Collection entries
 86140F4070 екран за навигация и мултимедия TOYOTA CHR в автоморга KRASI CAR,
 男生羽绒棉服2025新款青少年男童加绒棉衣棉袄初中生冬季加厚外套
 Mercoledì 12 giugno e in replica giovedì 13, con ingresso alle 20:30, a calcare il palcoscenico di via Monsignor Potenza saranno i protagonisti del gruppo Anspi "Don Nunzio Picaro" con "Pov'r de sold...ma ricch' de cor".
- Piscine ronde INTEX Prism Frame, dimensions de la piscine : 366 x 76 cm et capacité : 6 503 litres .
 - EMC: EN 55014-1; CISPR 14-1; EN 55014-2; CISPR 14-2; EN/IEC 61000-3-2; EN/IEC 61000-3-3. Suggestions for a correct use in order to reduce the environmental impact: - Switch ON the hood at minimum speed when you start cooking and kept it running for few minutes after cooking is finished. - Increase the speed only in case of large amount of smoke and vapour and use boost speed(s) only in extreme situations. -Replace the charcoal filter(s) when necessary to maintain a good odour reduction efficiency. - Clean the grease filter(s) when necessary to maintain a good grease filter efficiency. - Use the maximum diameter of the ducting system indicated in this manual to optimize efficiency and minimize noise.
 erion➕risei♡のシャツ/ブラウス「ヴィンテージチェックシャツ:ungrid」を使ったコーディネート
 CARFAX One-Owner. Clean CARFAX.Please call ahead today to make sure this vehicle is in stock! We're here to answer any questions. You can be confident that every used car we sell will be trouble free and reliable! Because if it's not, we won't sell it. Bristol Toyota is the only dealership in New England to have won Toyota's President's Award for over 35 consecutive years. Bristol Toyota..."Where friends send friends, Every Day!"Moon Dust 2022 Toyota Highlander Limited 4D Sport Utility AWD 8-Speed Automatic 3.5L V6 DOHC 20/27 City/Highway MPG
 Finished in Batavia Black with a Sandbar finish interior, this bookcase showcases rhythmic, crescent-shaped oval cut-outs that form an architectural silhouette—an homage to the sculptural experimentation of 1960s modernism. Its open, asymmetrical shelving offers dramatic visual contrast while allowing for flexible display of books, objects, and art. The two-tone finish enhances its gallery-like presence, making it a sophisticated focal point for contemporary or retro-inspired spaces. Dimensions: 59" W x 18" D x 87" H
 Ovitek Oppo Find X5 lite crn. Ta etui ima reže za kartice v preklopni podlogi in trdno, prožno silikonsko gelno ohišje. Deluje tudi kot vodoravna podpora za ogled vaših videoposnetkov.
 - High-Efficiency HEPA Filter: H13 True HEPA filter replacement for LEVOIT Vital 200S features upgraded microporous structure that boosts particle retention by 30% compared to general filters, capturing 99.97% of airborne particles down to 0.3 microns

## Task instructions
In the records above, find the lines holding "filter". Copy each one.

## Result
 - EMC: EN 55014-1; CISPR 14-1; EN 55014-2; CISPR 14-2; EN/IEC 61000-3-2; EN/IEC 61000-3-3. Suggestions for a correct use in order to reduce the environmental impact: - Switch ON the hood at minimum speed when you start cooking and kept it running for few minutes after cooking is finished. - Increase the speed only in case of large amount of smoke and vapour and use boost speed(s) only in extreme situations. -Replace the charcoal filter(s) when necessary to maintain a good odour reduction efficiency. - Clean the grease filter(s) when necessary to maintain a good grease filter efficiency. - Use the maximum diameter of the ducting system indicated in this manual to optimize efficiency and minimize noise.
 - High-Efficiency HEPA Filter: H13 True HEPA filter replacement for LEVOIT Vital 200S features upgraded microporous structure that boosts particle retention by 30% compared to general filters, capturing 99.97% of airborne particles down to 0.3 microns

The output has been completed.